Original link:tecdat.cn/?p=7563

Original source:Tuo End number according to the tribe public number

 

** Automatic discovery of nude images has been a central issue in computer vision for more than two decades, and because of its long history and immediate goals, it is a good example of how the field is evolving. In this blog post, I will use the naked detection problem to illustrate how the training of modern convolutional neural networks (ConvNets) differs from past research.

 

(Warning and disclaimer: This article contains visualizations of nudity for scientific purposes. If you are under 18 or offended by nudity, don’t read on.)

In 1996,

 

The seminal work in this field was the aptly named “Finding Naked People” by Fleck et al. Published in the mid-1990s, it provides a good example of the kind of work that computer vision researchers were doing before convolutional networks took over.

In 2014,

Instead of designing formal rules to describe how input data should be represented, deep learning researchers have designed network architectures and data sets so that AI systems can learn representations directly from the data. But because deep learning researchers do not specify exactly how networks behave with a given input, a new problem arises: how to understand what convolutional networks are activating?

 

Understanding the operation of convolutional networks requires the interpretation of element activities at various levels. In the remainder of this article, we examine an earlier version of the NSFW model by mapping activities down from the top level into the input pixel space. This will enable us to see what input pattern caused a given activation in the function diagram in the first place (that is, why the image was labeled “NSFW”).

Tactile sensitivity

To build the heat map on the left side, we sent each window to convNet and averaged the “NSFW” score for each pixel. Convolutional networks tend to predict “NSFW” when they see a crop full of skin, which results in a large red area on Lena’s body. To create a heat map on the right, we systematically blotted out a portion of the original image and reported 1 minus the average “NSFW” score (i.e., the “SFW” score). When most NSFW areas are obscured, the “SFW” score increases and we see higher values in the heat map. For the sake of clarity, the following figure illustrates which images are fed into the convolutional network respectively in the above two experiments:

 

One of the advantages of these occlusion experiments is that they can be performed when the classifier is a complete black box.
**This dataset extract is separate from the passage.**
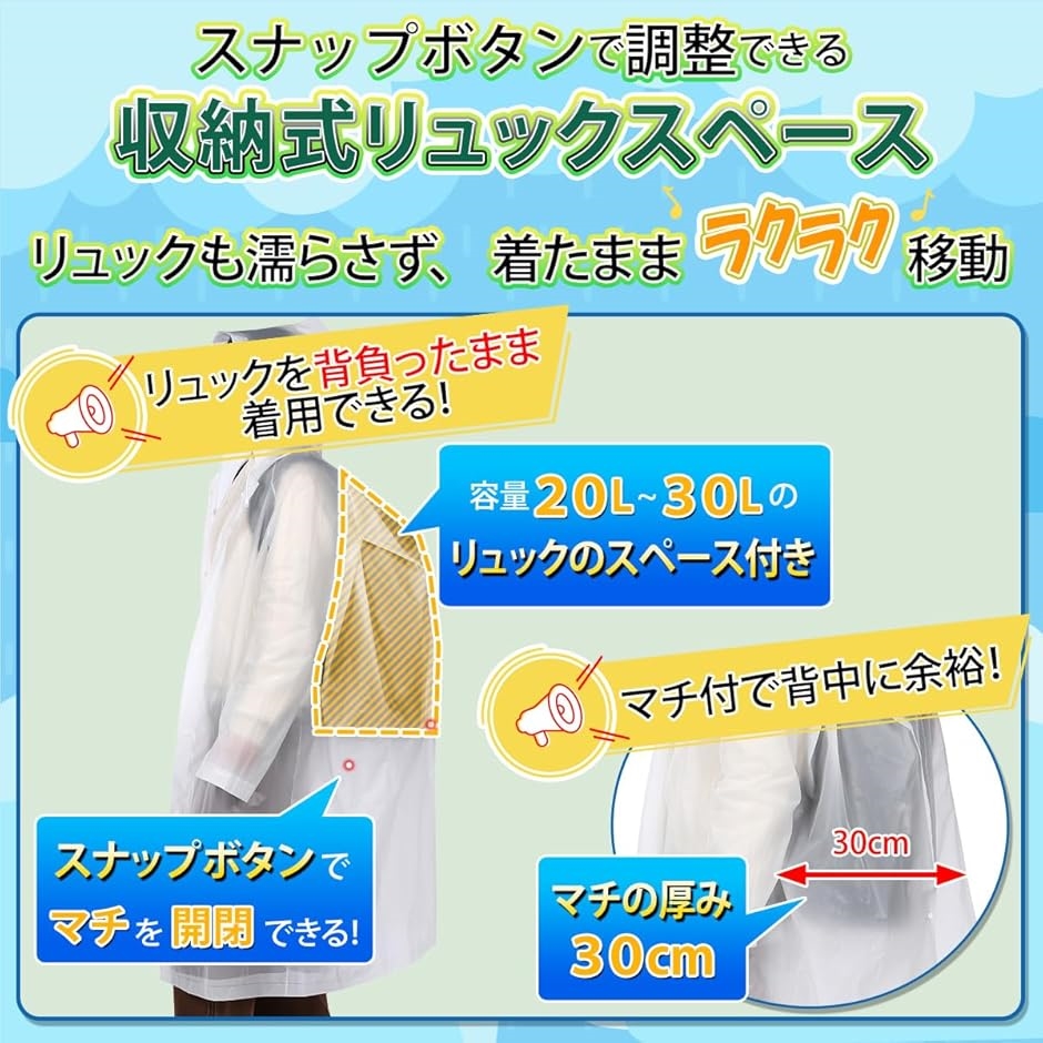 | 商品名 | レインコート リュック対応 防災士監修 マチが大きい 背中スナップ 撥水 軽量 収納袋付き |

Here is a code snippet that reproduces these results through our API:

# NSFW occulsion experiment

from StringIO import StringIO

import matplotlib.pyplot as plt
import numpy as np
from PIL import Image, ImageDraw
import requests
import scipy.sparse as sp

from clarifai.client import ClarifaiApi

CLARIFAI_APP_ID = '... '
CLARIFAI_APP_SECRET = '... '
clarifai = ClarifaiApi(app_id=CLARIFAI_APP_ID,
                       app_secret=CLARIFAI_APP_SECRET,
                       base_url='https://api.clarifai.com')

def batch_request(imgs, bboxes) :
  """use the API to tag a batch of occulded images"""
  assert len(bboxes) < 128
  #convert to image bytes
  stringios = []
  for img in imgs:
    stringio = StringIO()
    img.save(stringio, format='JPEG')
    stringios.append(stringio)
  #call api and parse response
  output = []
  response = clarifai.tag_images(stringios, model='NSFW - v1.0')
  for result,bbox in zip(response['results'], bboxes):
    nsfw_idx = result['result'] ['tag'] ['classes'].index("sfw")
    nsfw_score = result['result'] ['tag'] ['probs'][nsfw_idx]
    output.append((nsfw_score, bbox))
  return output

 
Copy the code

Although these types of experiments provide a simple way to display the output of a classifier, one drawback is that the resulting visualizations are often fuzzy. This prevents us from gaining meaningful insight into how the network actually works.

Deconvolution network

After training the network on a given data set, we hope to be able to take images and courses, and put forward similar requirements to the convolutional network:

 

Here’s how we visualized Lena photos when using deconvnet (note: deconvnet used here requires a square image to work properly – we padded the full Lena image to get the correct appearance ratio) :

 

Based on our deconvnet, we can embellish Barbara by adding red to make it look more PG:

 

This picture of Honey Rider, played by Hors Rider from The James Bond film Doctor No, was voted number one in a 2003 British survey of the 100 Greatest Sex Moments of Screen History:

 

A remarkable feature of the above experiments is that the convolutional neural network learned red lips and belly button, representing “NSFW”. This probably means we didn’t include enough red lips and belly button images in our “SFW” training data. If we had evaluated the model only by checking the accuracy/recall rate and ROC curve (as shown below – test set size: 428,271), we would never have found this problem because our test data had the same weakness. This highlights a fundamental difference between training rule-based classifiers and modern AI research. Rather than design functionality manually, redesign the training data until the functionality found improves.